Flames
Robbie Arnott (Text Publishing, available now)
Flames is our First Book Club pick for July – read an extract from the novel here, and join us on 24 July at Hill of Content Melbourne for a free in-conversation event with the author.
Books that focus on the Australian landscape often depict the natural world in quite a specific way. Dry, barren, crushingly hot – these are all familiar literary depictions of rural Australia. In Flames, Robbie Arnott writes about the Australian wilderness in a very different way. In this book, the landscapes of Tasmania come alive, literally. Ancient spirits take physical forms, living amongst humans and animals.
At the centre of this novel is the story of the unusual McAllister family. Levi McAllister wants to build a coffin for his young sister, Charlotte, so when she dies she can be buried in the earth. This is because, on their mother’s side, the women of the family return from the dead following cremation. These resurrections are always brief, and each returned woman takes the form of the environment their ashes were scattered in. This is not the only supernatural feature of this family – Levi and Charlotte’s father is an ancient, god-like creature who began life as a flame, taking the form of a human man after falling deeply in love with their mother. When Charlotte realises Levi is making preparations for her death, she runs away, and her father’s powers are awakened in her.
Arnott writes about Tasmania with vivid precision and imbues his depictions of land and sea with a sense of magic.

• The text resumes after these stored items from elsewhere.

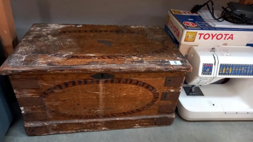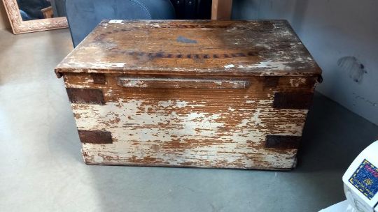 A Victorian pine box - 59cm x 36cm x 30cm. COLLECT ONLY
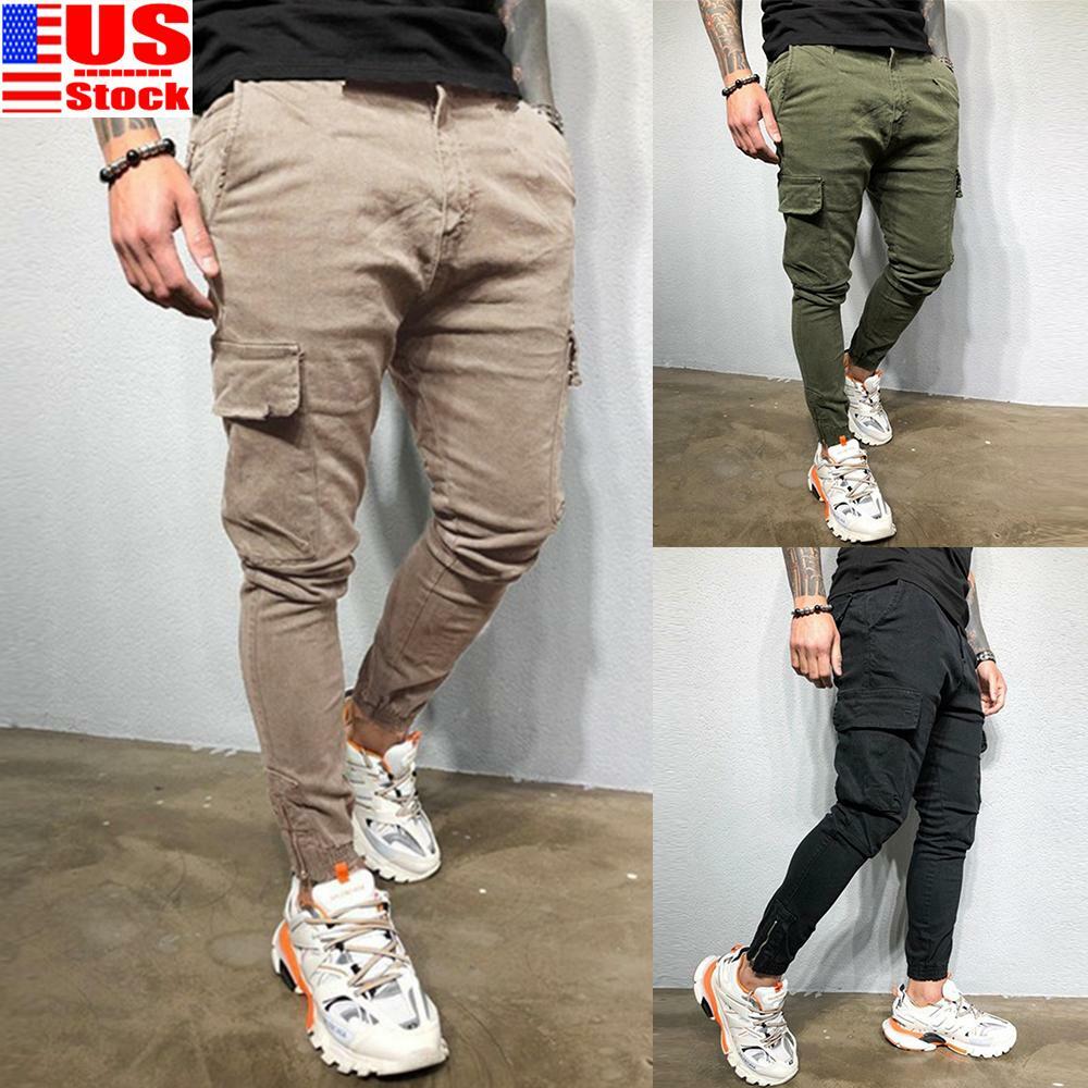 Mens Cuffed Knee Pad Pocket Jogging cuffed walking trousers
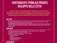 Al convengo, accreditato per l'ordine degli ingegneri, interverranno il Prof. Roberto Moro Visconti, Dottore Commercialista e revisore legale dei conti, professore di finanza aziendale presso l'univ. cattolica del Sacro Cuore di Milano, e l'Avv. Filippo Bucchi, esperto di diritto amministrativo e assistenza legale nei settore del parteneriato pubblico-privato (PPP) e degli appalti pubblici. I relatori entreranno nei dettagli della procedura, la struttura del contratto ed il patto di stabilità. Esamineranno inoltre alcuni settori di interesse come efficienza energetica, smart city, riqualificazione urbana, pubblicità e mobilità elettrica, infrastrutture e scuole. Il programma prevede la registrazione dei partecipanti alle 9.30 e l'inizio dei lavori alle 9.45. I lavori si chiuderanno alle 13.00.
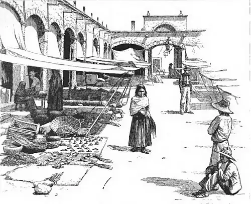 I called upon Don Juan Bautista to go with me to market, when he at once entered into a lengthy discourse about ladies going to such places; that the jente decente (people of pedigree) never did such things; that "the people in the streets and markets would talk much and say many things." But of this I had already had a foretaste.
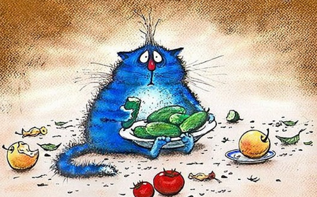 Убедиться в этом помогут шуточные работы Ирины Зенюк, которая всё своё творчество посвятила очаровательным мурлыкам, представив их в весьма непривычном глазу синем цвете. И нужно отдать ей должное, ведь получилось очень ярко, забавно и мило…
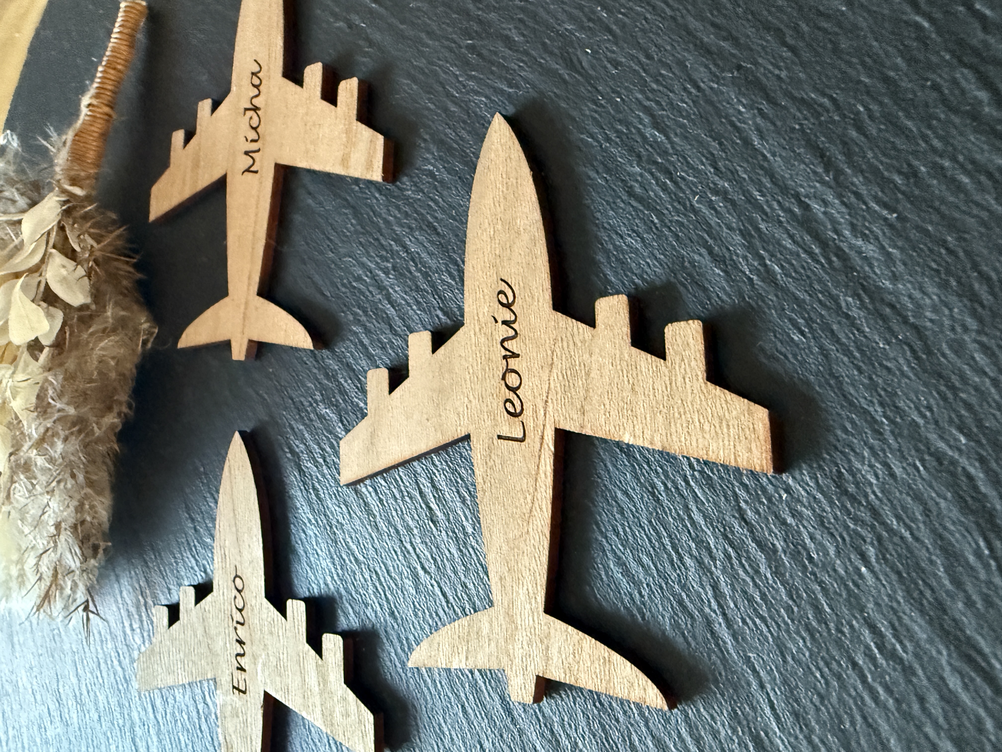 FLUGZEUG AUS HOLZ MIT NAMEN
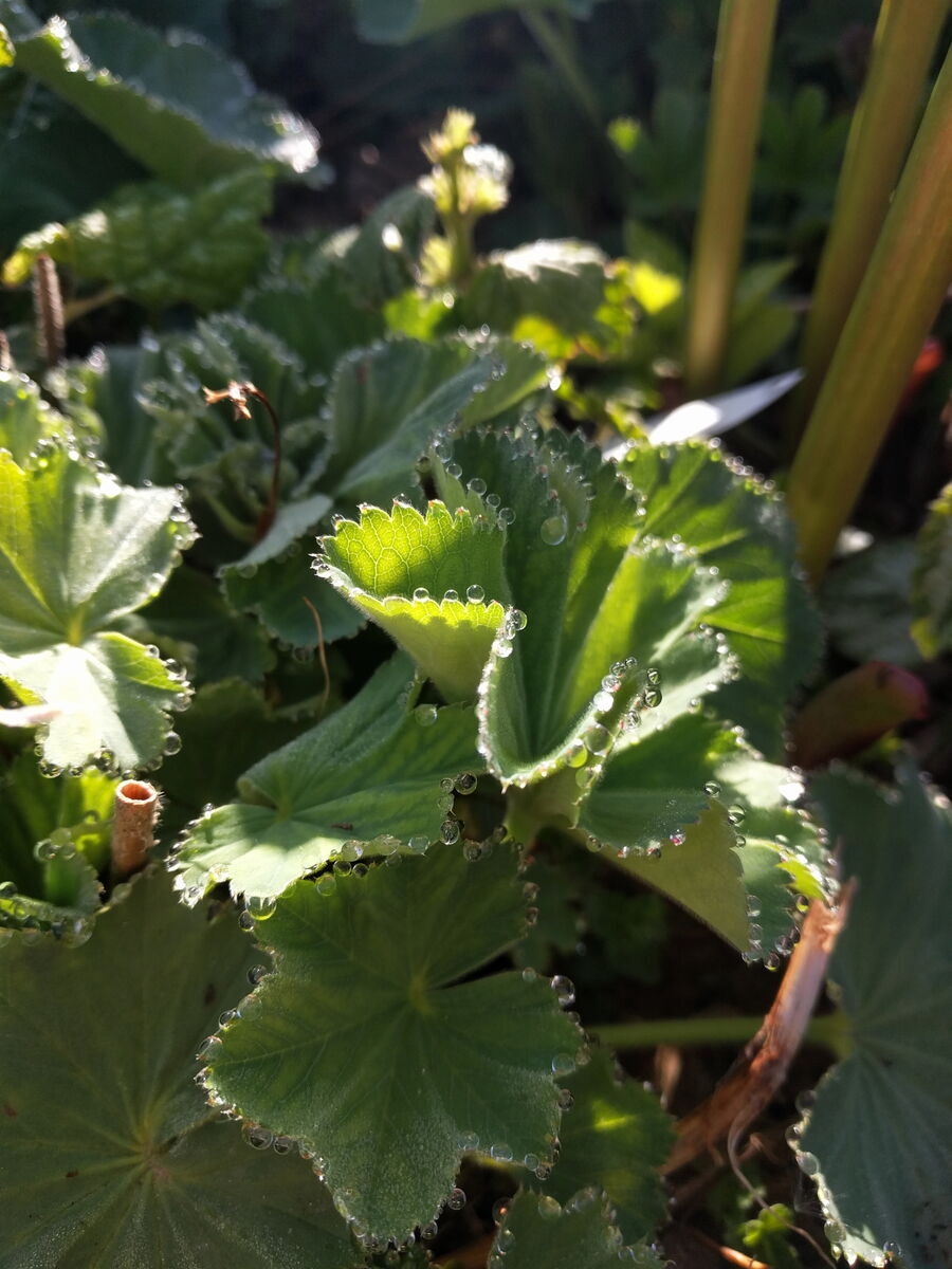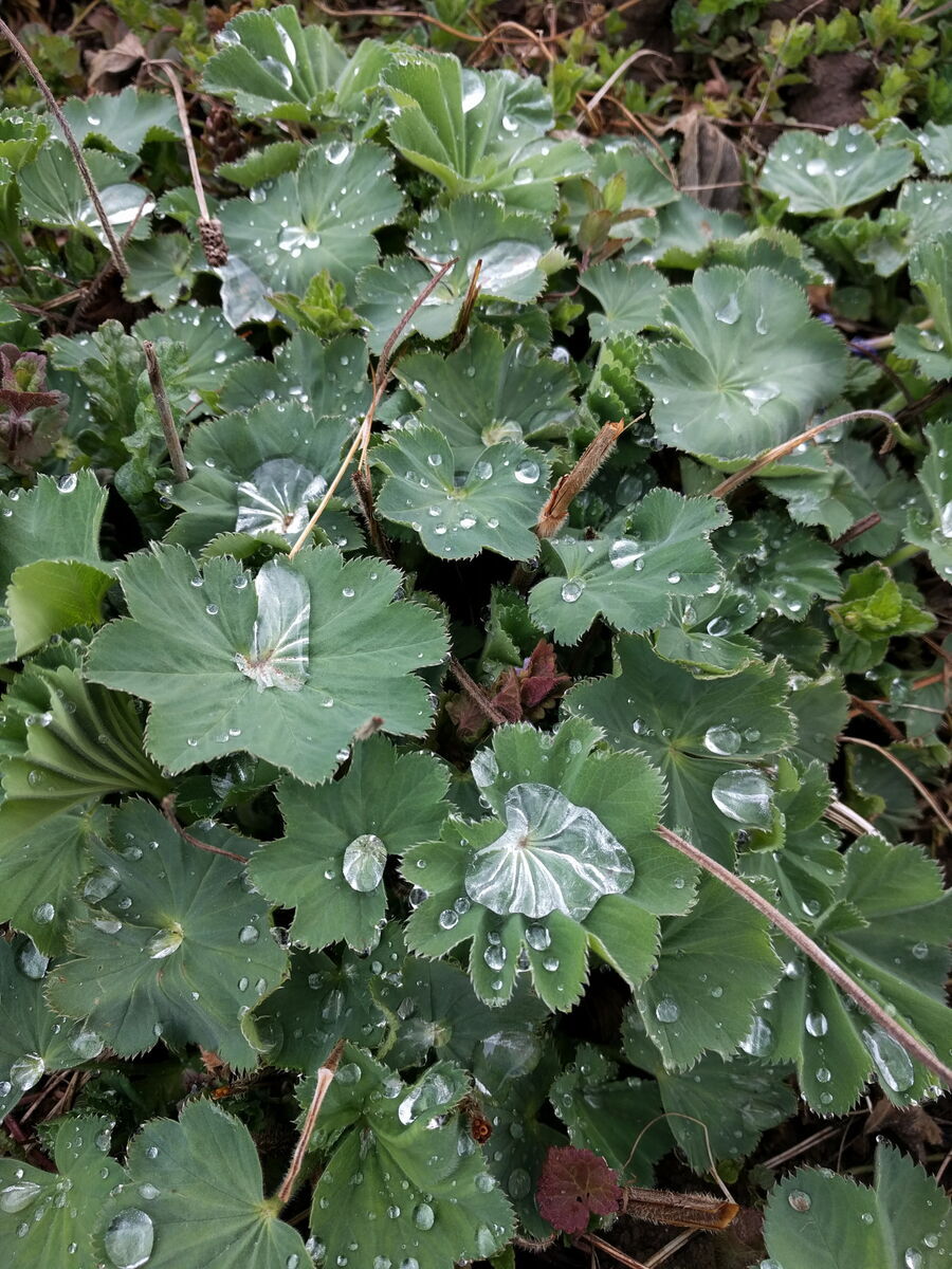 Die niedrigen, rhizombildenden Polster schmücken sich mit vieleckigen weichen Blättern in einem behaarten grün. Diese sehen in der Tat aus wie ein Umhängecape. Das schönste am Frauenmantel ist seine Art, mit seinen wasserabweisenden Blättern Wassertropfen zu sammeln. Tautropfen sitzen wie Diamanten den ganzen Blattrand entlang. Und größere Tropfen leuchten und funkeln in der Blattmitte.
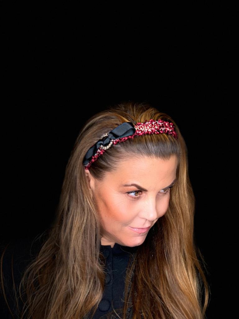 Home > NYHETER > Hårbøyle bouclè med sløyfe og stener
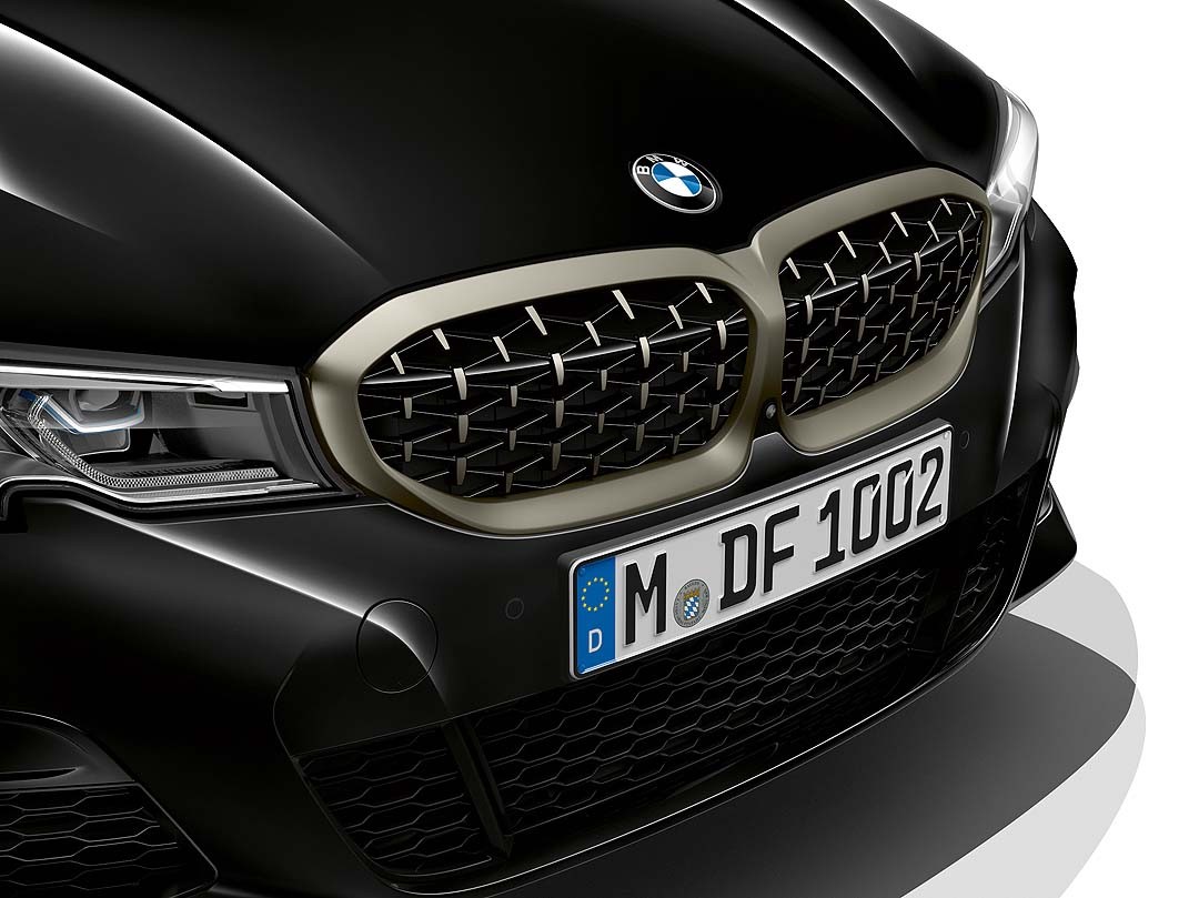 Отличить спортивную модификацию «трешки» от обычной версии просто. Модификация М получила большие воздухозаборники в переднем фартуке, особый решетчатый «гриль» и выделяющийся задний спойлер. Для придания автомобилю большего «драматизма» дизайнеры решили окрасить некоторые детали в цвет Cerium Grey – им выделили наружные зеркала, воздухозаборники, окантовку решетки радиатора, выхлопные трубы и знак модели.
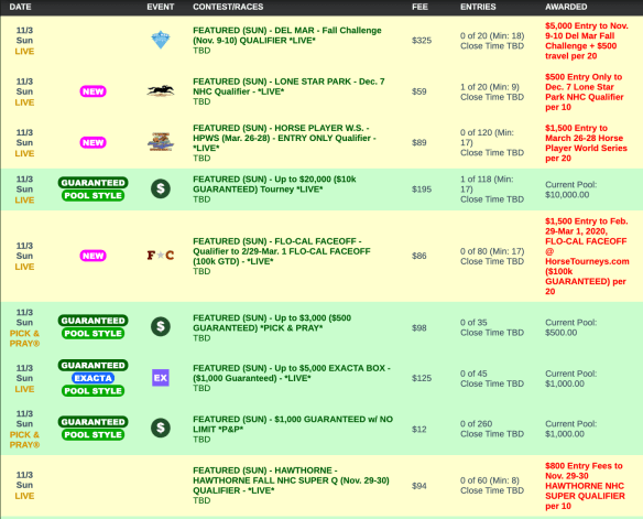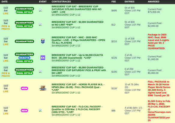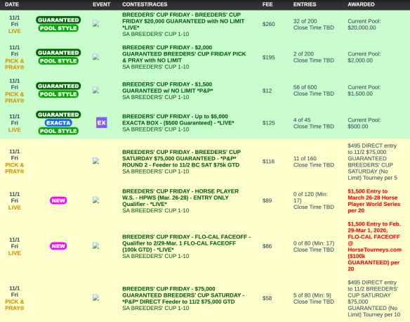 There’s the $20,000 Guaranteed tourney. The $25,000 Guaranteed, two-day, Breeders’ Cup-only game. An up-to-$5,000 Exacta tourney. And qualifiers to the Horse Player World Series and Flo-Cal Faceoff. Plus feeders to the following day’s (Saturday’s) $75,000 Guaranteed tourney.
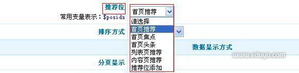 推荐位是指管理员可以把信息推送至网页上指定的位置,也可以随时把信息从指定的位置撤下来,从而达到信息精准投放的目的:
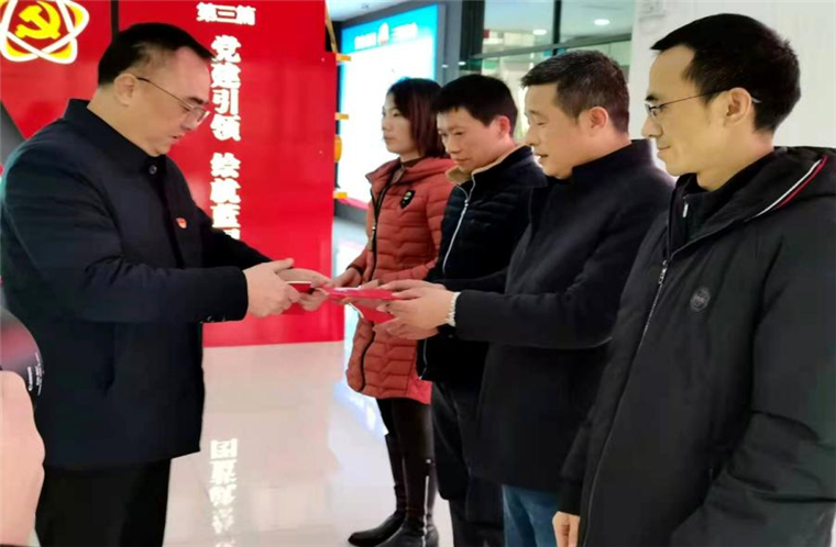 何偉書記為新黨員發(fā)放了《黨章》,佩戴了黨徽。
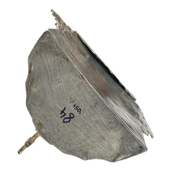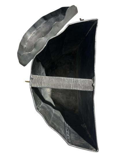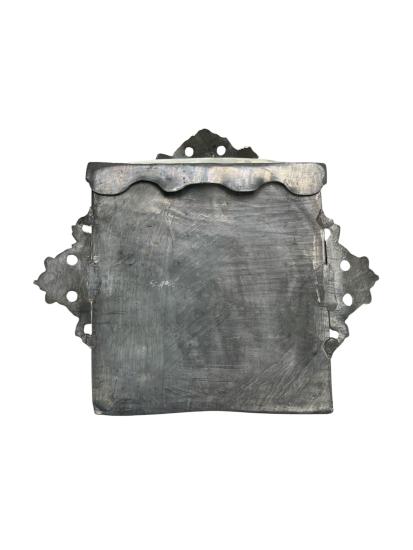 Starožitná cínová nádrž na vodu s mosazným kohoutkem. Zdobená rytinou a nápisem v přední části. Nádrž je opatřena víkem a ozdobnými úchyty k připevnění. Celková výška i s víkem je 31 cm. V nejširším bodě měří 33,5 cm. Hloubka je i s kohoutkem 19 cm. Stav odpovídá stáří. Neznačeno.

Arnott writes about Tasmania with vivid precision and imbues his depictions of land and sea with a sense of magic. However, these landscapes don’t feel unrealistic because he writes about magic as if it is a regular fact of life. A tiny flame projected into the mind of a human by an ancient spirit is akin to a lie. Fishermen and seals form unbreakable bonds not dissimilar to that between a farmer and their dog. Women return from the dead, and people are more concerned about their troublemaking natures in life than their resurrections. There is, perhaps, a subtext here of masculine attitudes toward wild women – Levi wants to tether his sister, prevent her from her inevitable, wild resurrection, even though it is her fate. This desire to stamp her differences out, make her regular, is what causes a her to grow fiery – literally.
This is an incredibly unique and memorable novel. Arnott applies magical realism to an Australian context and in doing so gives the book an extraordinary energy. This is the kind of book that compels you to read not by offering a plot filled with twists and turns, but by the ability of its author to paint a rich and memorable picture with prose of an exceptionally high quality. You won’t read another Australian literary novel like this any time soon.